In the study, the researchers looked at a cohort of 22 lymphoma patients, evaluating CAR T products from 20 of them. Using the IsoCode system, they measured levels of 32 cytokines at the single-cell level in samples of roughly 2,000 cells per patient.

Mackay said the company has found that sampling around 2,000 cells provides a reproducible measurement "of the full spectrum of heterogeneous functional cell responses that we would expect to see across all the CAR T cells infused in each patient."

That data is based on validation studies the company has run that found "that we observe the same or similar cytokine-secreting single-cell subsets from a patient across multiple replicates so long as we gather more than 1,000 cells per patient," he said. "We have run replicate CAR T assays from the same donor in the past and achieved low variability across the replicates, [providing] further validation that we are capturing the full profile of these cells."

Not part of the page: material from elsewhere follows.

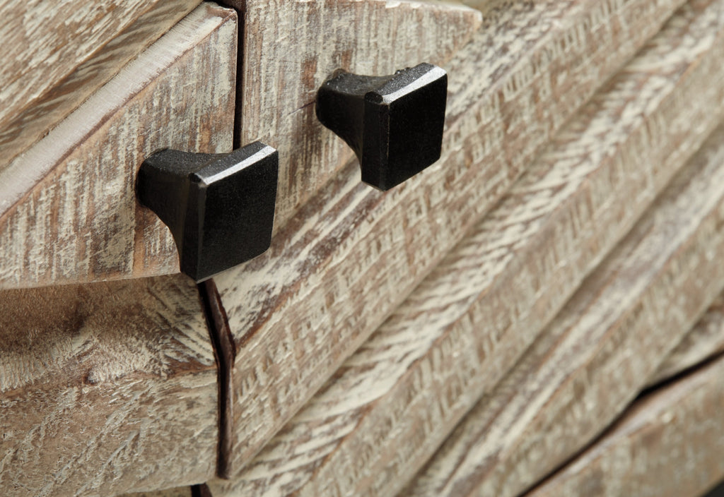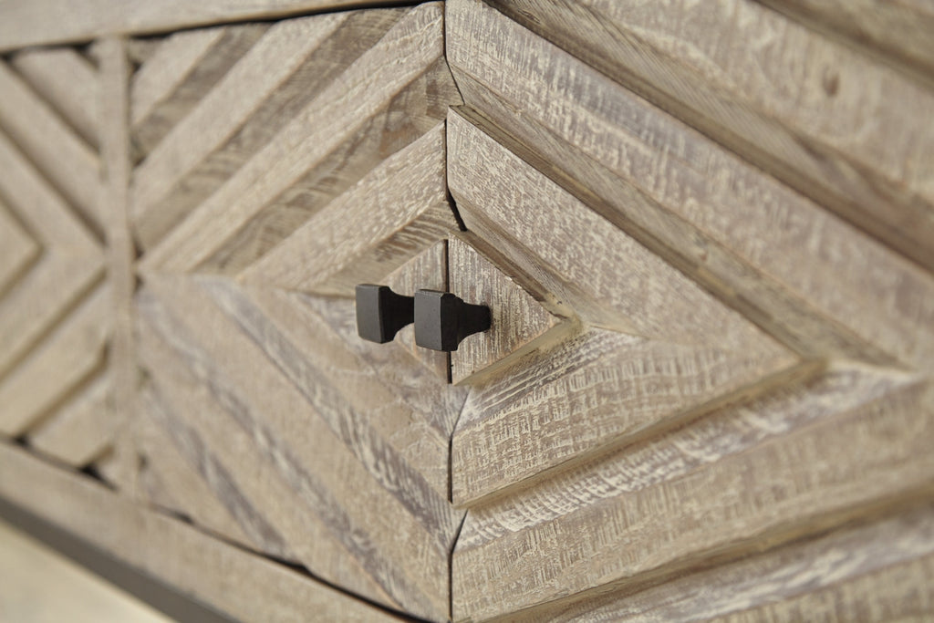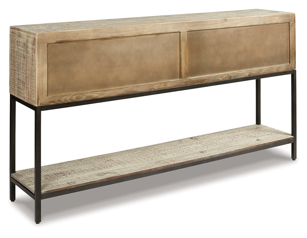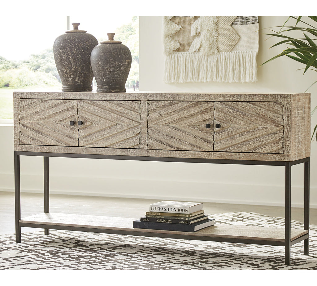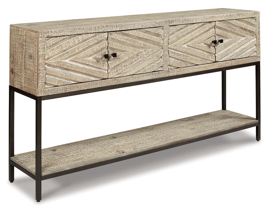 Make a cool, contemporary statement with this console sofa table. Sporting diamond-carved cabinet door fronts with great dimension, this designer piece is an inspired choice for an entryway, dining room or living space. Combination of distressed white wood and black metal is so striking.

The researchers found 20 to 25 percent of all CAR T product cells were polyfunctional and noted that the proteins secreted by these polyfunctional cells spanned "effector molecules (granzyme B), stimulatory/immune modulating cytokines (IFN-γ, IL-5), and chemokines (IL-8, MIP-1α)."

They also observed that polyfunctional T cells expressing the cytokine IL-17A were linked to increased levels of neurotoxicity.

Mackay said polyfunctionality data like that generated in the Blood study could potentially be used by drugmakers to inform their manufacturing processes to generate the most effective CAR T products.

"A biopharma might optimize the manufacturing components in their process to achieve products with higher potential for efficacy, for example, with high PSI and specific cytokine signatures at the single-cell level, as well as lower toxicity based on existing polyfunctional data," he said.

Mackay suggested that as the ACT field evolves, such measurements could be used in the clinic to help predict patient response or side effects. Single-cell data "may provide actionable information to help clinicians to monitor and proactively address the highest risk patients in either category as they first receive the therapy," he said.

IsoPlexis is currently developing an automated version of the IsoCode platform that it hopes will help it further penetrate the ACT clinical trial market.